[Given records — start]

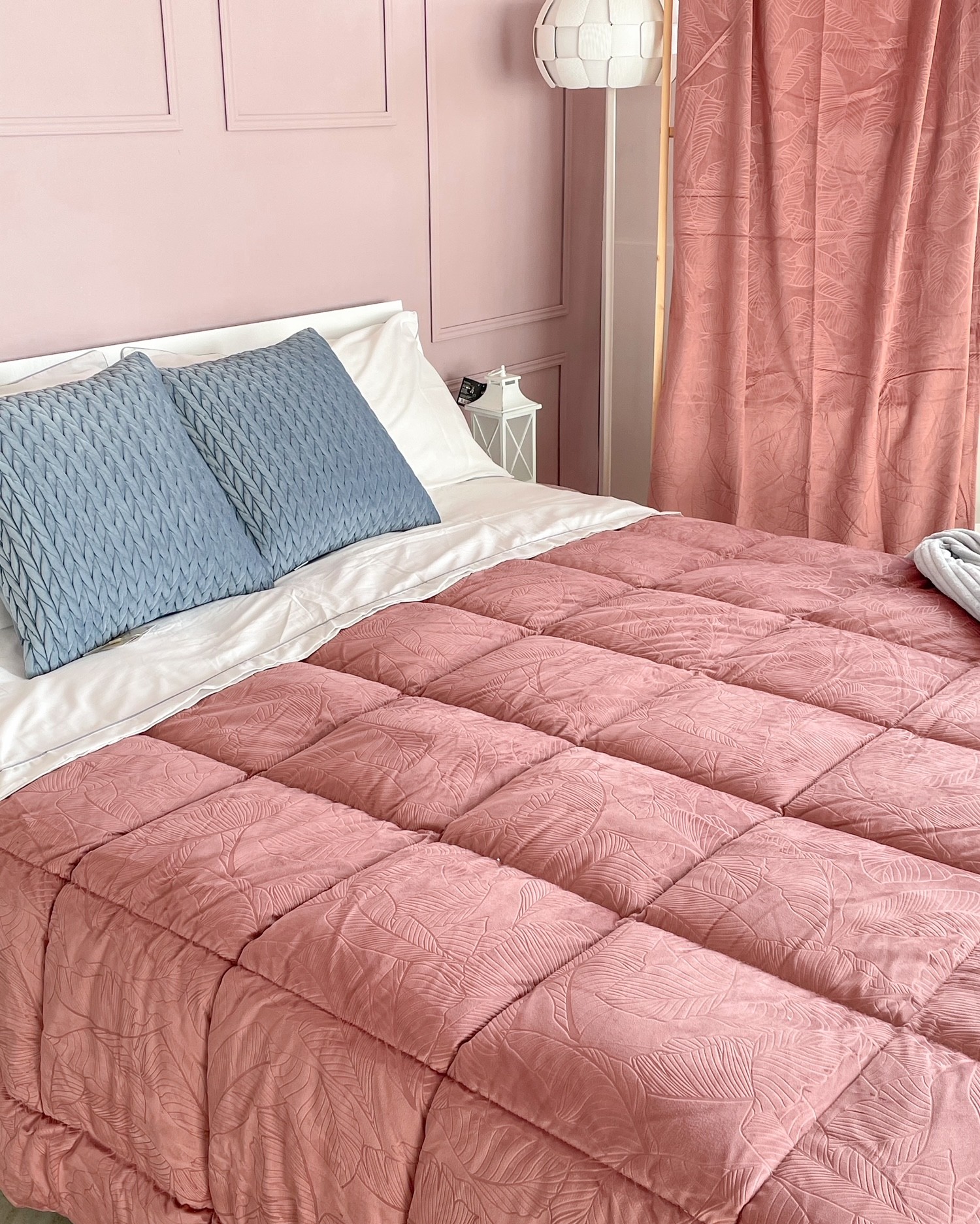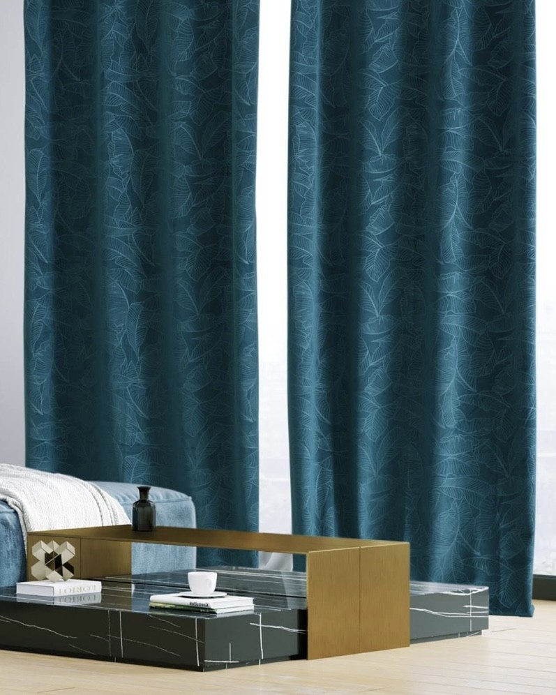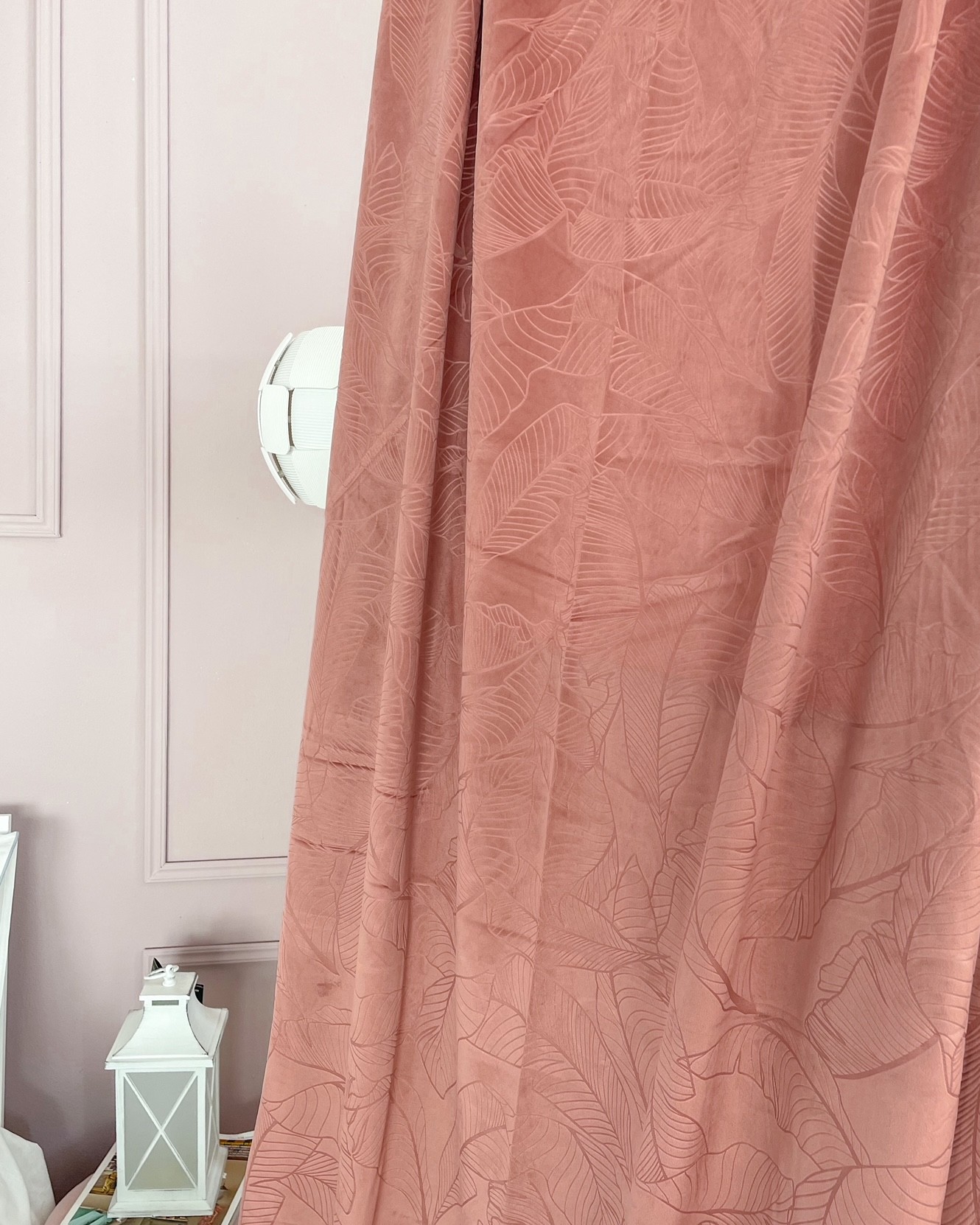 Il pannello tenda Gaia è un pannello in velluto oscurante con stampa grafica tono su tono con disegno foglie, abbinabile alla trapunta gaia in velluto. Dotato di borchie argento.
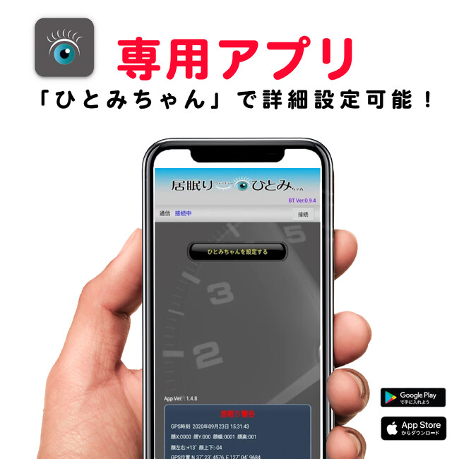 ◎またスマートフォン専用アプリケーションで居眠り検知感度、わき見検出ON/OFF、通知音、Gセンサー機能などの設定が可能。
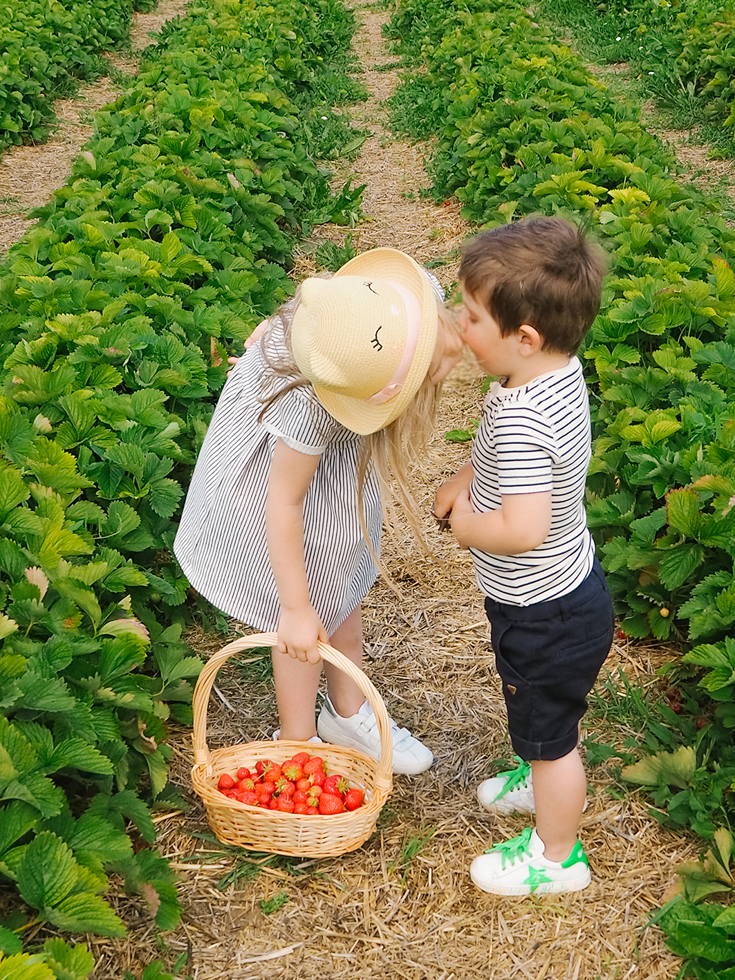 Wir hatten es uns ja zu einer kleinen Tradition gemacht, mindestens ein mal im Jahr selbst Erdbeeren zu pflücken. Ich liebe es, wenn die Kinder voller Elan übers Erdbeerfeld jagen und eifrig rote Erdbeeren sammeln. Da wir ja so ziemlich im Umzugsstress sind, dachte ich tatsächlich, dass wir es dieses Jahr gar nicht mehr schaffen würden. Nachdem aber das meiste an To-Dos abgearbeitet war, hatten wir doch noch Zeit dafür. Dieses mal waren wir allerdings nicht in München sondern in Moosburg. Das war hauptsächlich dem Zustand geschuldet, dass wir vor unserem Flug nach Seoul noch vorübergehend bei meinen Eltern einzogen.
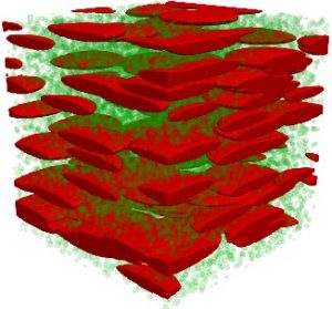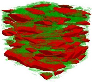 D'autre part, une forte activité porte sur les transferts en milieux poreux et/ou fracturés, avec une approche prenant en compte le détail des mécanismes et de la morphologie à l'échelle locale, afin de prédire les comportements macroscopiques. L'amélioration et l'extension des outils conceptuels et logiciels constituent une tâche de fond permanente et importante, recouvrant le développement d'outils et de méthodologies pour la caractérisation et la reconstruction stochastique de milieux hétérogènes (cf. figure 2) et l'étude systématique des propriétés topologiques et stéréologiques ainsi que des propriétés de transport dans des situations canoniques. On enrichit ainsi une base de connaissance concernant des situations modèles, susceptible d'être appliquée dans des contextes applicatifs très divers. Dans le même temps, on peut identifier les paramètres les plus pertinents et dégager des lois générales gouvernant les comportements. On traite également de questions encore ouvertes concernant des aspects théoriques de la formulation d'une description homogénéisée, notamment en présence de processus réactifs et de déséquilibres thermodynamiques locaux.
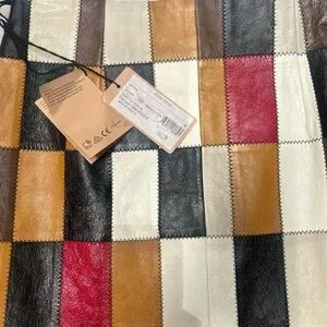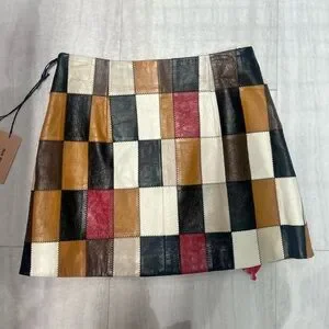 Chic leather mini skirt with patchwork design. Features black, brown, red, and cream squares. Bold and stylish look.
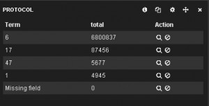 For our exercise we wanted to use Kibana to view top destinations and ports with most traffic, the protocols that use the most traffic and a traffic graph. Of course, there are many more graphs that could be produced in Kibana.

[Given records — finish]

Exercise brief: Retype all entries exactly; omit pictures.

Finished exercise:
 Il pannello tenda Gaia è un pannello in velluto oscurante con stampa grafica tono su tono con disegno foglie, abbinabile alla trapunta gaia in velluto. Dotato di borchie argento.
 ◎またスマートフォン専用アプリケーションで居眠り検知感度、わき見検出ON/OFF、通知音、Gセンサー機能などの設定が可能。
 Wir hatten es uns ja zu einer kleinen Tradition gemacht, mindestens ein mal im Jahr selbst Erdbeeren zu pflücken. Ich liebe es, wenn die Kinder voller Elan übers Erdbeerfeld jagen und eifrig rote Erdbeeren sammeln. Da wir ja so ziemlich im Umzugsstress sind, dachte ich tatsächlich, dass wir es dieses Jahr gar nicht mehr schaffen würden. Nachdem aber das meiste an To-Dos abgearbeitet war, hatten wir doch noch Zeit dafür. Dieses mal waren wir allerdings nicht in München sondern in Moosburg. Das war hauptsächlich dem Zustand geschuldet, dass wir vor unserem Flug nach Seoul noch vorübergehend bei meinen Eltern einzogen.
 D'autre part, une forte activité porte sur les transferts en milieux poreux et/ou fracturés, avec une approche prenant en compte le détail des mécanismes et de la morphologie à l'échelle locale, afin de prédire les comportements macroscopiques. L'amélioration et l'extension des outils conceptuels et logiciels constituent une tâche de fond permanente et importante, recouvrant le développement d'outils et de méthodologies pour la caractérisation et la reconstruction stochastique de milieux hétérogènes (cf. figure 2) et l'étude systématique des propriétés topologiques et stéréologiques ainsi que des propriétés de transport dans des situations canoniques. On enrichit ainsi une base de connaissance concernant des situations modèles, susceptible d'être appliquée dans des contextes applicatifs très divers. Dans le même temps, on peut identifier les paramètres les plus pertinents et dégager des lois générales gouvernant les comportements. On traite également de questions encore ouvertes concernant des aspects théoriques de la formulation d'une description homogénéisée, notamment en présence de processus réactifs et de déséquilibres thermodynamiques locaux.
 Chic leather mini skirt with patchwork design. Features black, brown, red, and cream squares. Bold and stylish look.
 For our exercise we wanted to use Kibana to view top destinations and ports with most traffic, the protocols that use the most traffic and a traffic graph. Of course, there are many more graphs that could be produced in Kibana.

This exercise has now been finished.